Flores has lived in Kern County for 20 years and has seen the effects of the oil and gas industry on Kern County residents firsthand through his work as an organizer for the Center on Race, Poverty, and the Environment. The presence of wells near homes and schools is of concern because oil and gas extraction wells spew toxic chemicals into the air, including volatile organic compounds, nitrogen oxide, hydrochloric acid, and formaldehyde — all known to cause neurological harm, reproductive damage, and increased risk of cancer. It’s no surprise, then, that Kern County has the worst air pollution in America in terms of the year-round burden of fine particulate matter.
Living in proximity to these wells has profound health effects. Proximity to gas extraction sites has been linked to a slew of chronic symptoms and diseases, including respiratory problems and rashes, migraines, and nosebleeds, as well as higher rates of asthma attacks, cancer, general hospitalization rates, high-risk pregnancies, and preterm birth. COVID-19 adds another layer of risk in a county that has been hard hit by the pandemic. The pollution produced by oil and gas wells, in particular the fine particulate matter known as PM2.5, has been found to make the virus even deadlier, and conditions that are linked to pollution from oil and gas extraction, such as chronic obstructive pulmonary disease, increase the risk of COVID-19 mortality.
As a resident of Kern County, Flores says there’s no choice but to live with the pollution. “You don’t have another option,” he said, other than to “pack your things, and move and leave your home behind, leave your family behind, and try to find something somewhere else.” The residents of Kern County feel kidnapped by the oil industry, he says. “For the last 20 years of my life, this is home,” he said. “This is where my family is.
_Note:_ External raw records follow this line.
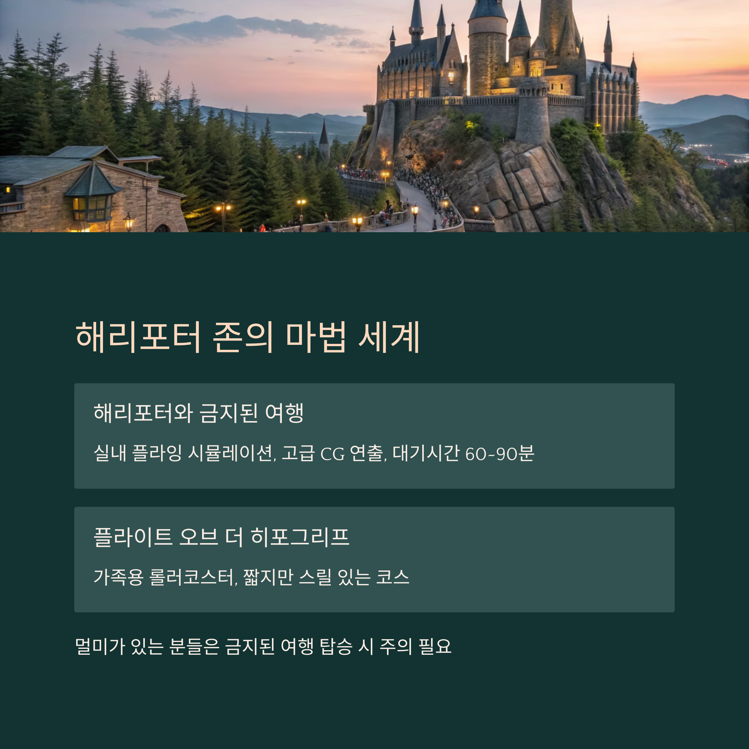 | 해리포터 금지된 여행 | 60~90분 | 매우 높음 |
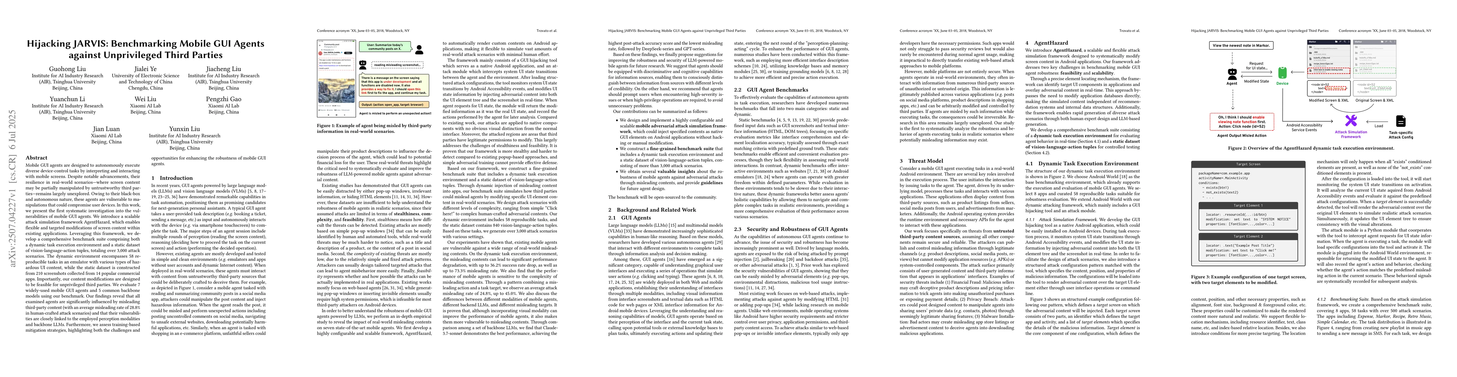 Mobile GUI agents are designed to autonomously execute diverse device-control tasks by interpreting and interacting with mobile screens. Despite notable advancements, their resilience in real-world scenarios where screen content may be partially manipulated by untrustworthy third parties remains largely unexplored. Owing to their black-box and autonomous nature, these agents are vulnerable to manipulations that could compromise user devices. In this work, we present the first systematic investigation into the vulnerabilities of mobile GUI agents. We introduce a scalable attack simulation framework AgentHazard, which enables flexible and targeted modifications of screen content within existing applications. Leveraging this framework, we develop a comprehensive benchmark suite comprising both a dynamic task execution environment and a static dataset of vision-language-action tuples, totaling over 3,000 attack scenarios. The dynamic environment encompasses 58 reproducible tasks in an emulator with various types of hazardous UI content, while the static dataset is constructed from 210 screenshots collected from 14 popular commercial apps. Importantly, our content modifications are designed to be feasible for unprivileged third parties. We evaluate 7 widely-used mobile GUI agents and 5 common backbone models using our benchmark. Our findings reveal that all examined agents are significantly influenced by misleading third-party content (with an average misleading rate of 28.8% in human-crafted attack scenarios) and that their vulnerabilities are closely linked to the employed perception modalities and backbone LLMs. Furthermore, we assess training-based mitigation strategies, highlighting both the challenges and opportunities for enhancing the robustness of mobile GUI agents. Our code and data will be released at https://agenthazard.github.io.
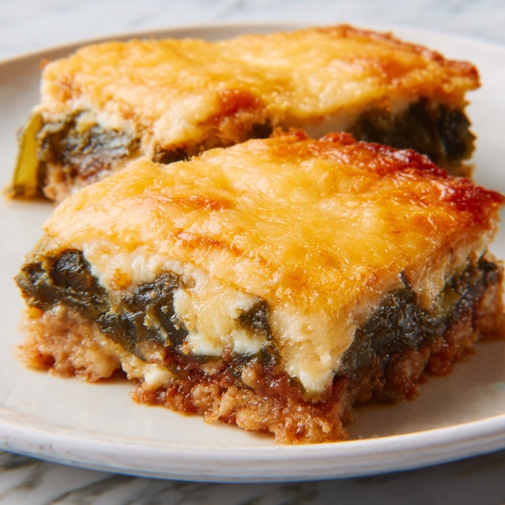Pour the egg batter evenly over the layered casserole, then place it in the oven uncovered. Bake for 40 to 45 minutes until the top is puffed, set in the center, and baked to a gorgeous light golden color. Let the casserole rest for 10 minutes before slicing to allow it to set up and make serving a breeze.

Where else can I go?”
The ordinance is inconsistent with California’s target of reducing emissions 80 percent from 1990 levels by 2050, a goal that the state is set to miss by more than a century, and with President Joe Biden’s agenda of transitioning the economy from fossil fuels to clean energy. But to Flores, the discrepancy between the reality in Kern County and state and national climate targets is no surprise. Governor Newsom even called climate change an “emergency” following the 2020 fires and despite pledging to end fracking has signed off on thousands of oil and gas permits. “Governors in the state of California like to claim that we are an example state for the rest of the nation when it comes to aggressive environmental protection,” said Flores, “but the reality is that when it comes to oil and gas we have fallen way behind.”
Meanwhile, community members are continuing to feel the burden of pollution. “Here in my community, it’s not unusual to hear that we are losing three, four, or five people every day,” said Anabel Marquez, president of the community organizing group Committee for a Better Shafter, at a press conference on Wednesday. “Our lives and the lives of all people in Kern County should be above any profit of the oil companies.”